We can stall without being rude. The kids are off with grandma, the lights are low, you finally got the wine open and your significant other is giving you “that” look? As Thompson noted, we have no way to KNOW things like that before we dial someone’s number. If the phone rings you need to answer it to find out if it is something important that you need to know (Uncle Abner was hit by a plane, The store is on fire, Someone shot a Serbian Archduke). Then when you find out it ISN’T important, you have to either be blunt (“Gettin’lucky, gotta go”) or make lame excuses to get off the phone while your significant other is giving you that OTHER look. With an email, a glance at the subject line will usually tell you if this is a vital issue or just an ad for viagra, which you really don’t need at that moment, God willing.
We can cut to the chase. People seldom understand how to leave a message. They put the essential part at the end so we need to wait in suspense. They wait to say “The tumor is benign” until the very last moment, prefacing it with several minutes of “Well, I just got back from the doctor. They said the tests were back, so I went over there. It was really hot so we had to park in the South Lot, you know, the one by the open canal. Aunt Miriam went with me, you know the one, the one with the handlebar moustache. It was really hot, so she ended up throwing up in her handbag during the walk. I think that was the handbag your late grandfather gave her when she got out of prison….” With an email or a text message we can get to the good news (or the bad news) right away by skipping down, then read back for the details once we know the score. We can’t do that with voice messages…or most phone conversations, since people tend to think saying “Shut the hell up and get to the goddamn point!” is bad phone etiquette (people who think that have clearly never met my family).

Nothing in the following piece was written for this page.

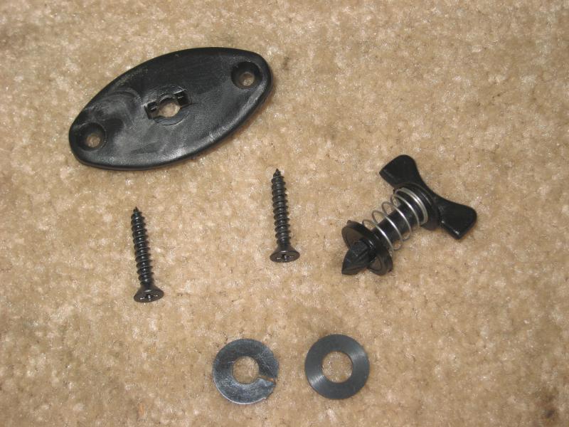 Below is our turn knob style "quick release" hardware kit. We also offer the same unit as a slotted knob as well. Cost is $3.50 per unit. Orders of 10 or more get a redueced rate of $3.00 ea. Shipping will be calculated according to the number of units and zip code being shipped to. Call to place your order today. 870-367-7083 or email boatwindshield@hotmail.com. Payment accepted in forms of personal check, money order or a paypal invoice will be sent.

We can answer point by point. When we reply to an email or a text message, we have the original message right in front of us, and we can respond directly and concisely without leaving things out or being confusing.
Did you remember to stop by the house while I am away?
>> Yes I did
Were there any police cars standing around?
>> Umm..not that I know of.
The new cement on the patio looked dry to you?
>>Yes, but I am going to have to insist on having my own attorney after I send this hard drive to the feds.
With a voice mail or a phone conversation, you almost always lose track or leave something out, or just start yelling.
I agree with Thompson…let the phone call die with dignity already, we have moved on. As I have noted in previous posts, modern phones really aren’t well suited for all that talking anyway. Just a few years ago people were saying that voice was going to be the new key to all computing and communications. Applications that would read our email aloud, or transcribe our voice into text were going to be all the rage, as were voice commands to control your PC. Back then people were saying that the future was going to be spoken and the text was dead…but it seems that if that really WAS the future, then we are going back to the past as the written word is regaining supremacy. About damn time, if you ask me.
We are entering the post-voice epoch. The revolution will be txted. Now if you will excuse me, I have carrier pigeons to train.